The warming pause

The Herald reports:

A slowdown in warming that has provided fuel for climate sceptics is one of the thorniest issues in a report to be issued by United Nations experts on Friday.

Over the past 15 years, the world’s average surface temperature rose far slower than many climate models have predicted.

According to projections, global warming should go in lockstep with the ever-rising curve of heat-trapping carbon emissions. But in recent years, warming has lagged. So, where has the missing heat gone?

For climate sceptics, the answer is clear. Either the computer models used to project temperature rise are flawed, or man-made global warming is just a green scam, they say.

I don’t buy into any nonsense that there is some global conspiracy involving thousands of scientists. But I think it is clear that the models to project future temperature increases are imperfect. This is no surprise. The global ecosystem is hugely complex and there are many factors which will take decades or even longer to fully comprehend. We may never fully understand how all the different aspects interact.

But that is not to say it is in the too hard basket. First of all there clearly is still warming over the medium term. The direct impact of increased levels of greenhouse gases in the atmosphere is relatively simple to calculate, and there is no real scientific dispute over the direct impact.

Where we have uncertainty is how the rest of the climate ecosystem responds to the warming caused by greenhouse gases. The models in the past have projected a multiplying impact, where temperatures increase quite rapidly. It may turn out to be that in fact the rest of the ecosystem will actually mitigate the impact of greenhouse gases. Note mitigate does not mean reverse.

Over the past 50 years, the mean global temperature rise was 0.12C per decade, slowing to an average 0.05C per decade over the past 15 years.

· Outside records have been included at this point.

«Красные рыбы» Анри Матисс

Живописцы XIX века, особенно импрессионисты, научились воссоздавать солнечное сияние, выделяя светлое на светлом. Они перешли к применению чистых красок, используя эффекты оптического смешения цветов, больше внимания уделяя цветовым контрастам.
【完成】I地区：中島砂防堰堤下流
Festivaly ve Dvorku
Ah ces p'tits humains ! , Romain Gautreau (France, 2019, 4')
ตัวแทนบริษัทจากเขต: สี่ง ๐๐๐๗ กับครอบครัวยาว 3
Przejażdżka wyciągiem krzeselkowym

Half of the slowdown could be attributed to volcanic eruptions, whose particles reflect sunlight, and a bigger-than-expected drop in heat from the sun’s changing activity cycle, said a summary of the report.

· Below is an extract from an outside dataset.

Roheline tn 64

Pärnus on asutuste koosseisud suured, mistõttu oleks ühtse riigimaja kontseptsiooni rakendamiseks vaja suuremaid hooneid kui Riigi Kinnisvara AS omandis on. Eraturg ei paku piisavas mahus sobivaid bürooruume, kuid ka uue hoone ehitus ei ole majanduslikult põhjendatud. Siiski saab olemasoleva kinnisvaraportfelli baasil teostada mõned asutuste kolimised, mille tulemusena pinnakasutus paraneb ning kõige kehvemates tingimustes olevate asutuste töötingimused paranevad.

The other half is attributed to a “cooling contribution from internal variability”.

Laurent Terray with the French computer modelling agency Cerfacs said the term is used to explain a shift in the way heat is distributed between land, sea and air.

Still unclear is what causes the variation or determines its duration.

“We know that this kind of episode, of a decadal length or thereabouts, can occur once or twice a century,” said Terray. “If it continues for two more decades, we may start to think that the computer models are underestimating internal variability.”

New research by Britain’s Met Office suggests the “missing” heat, or some of it, is being transferred from the ocean surface to the deeps.

Temperatures at depths below 3000m have been rising since the 1990s, implying a source of heat-trapping today will contribute to warming tomorrow.

As one can see the ecosystem is very complex, and there are multiple ways different parts can interact.

I am looking forward to seeing the IPCC update when it is released.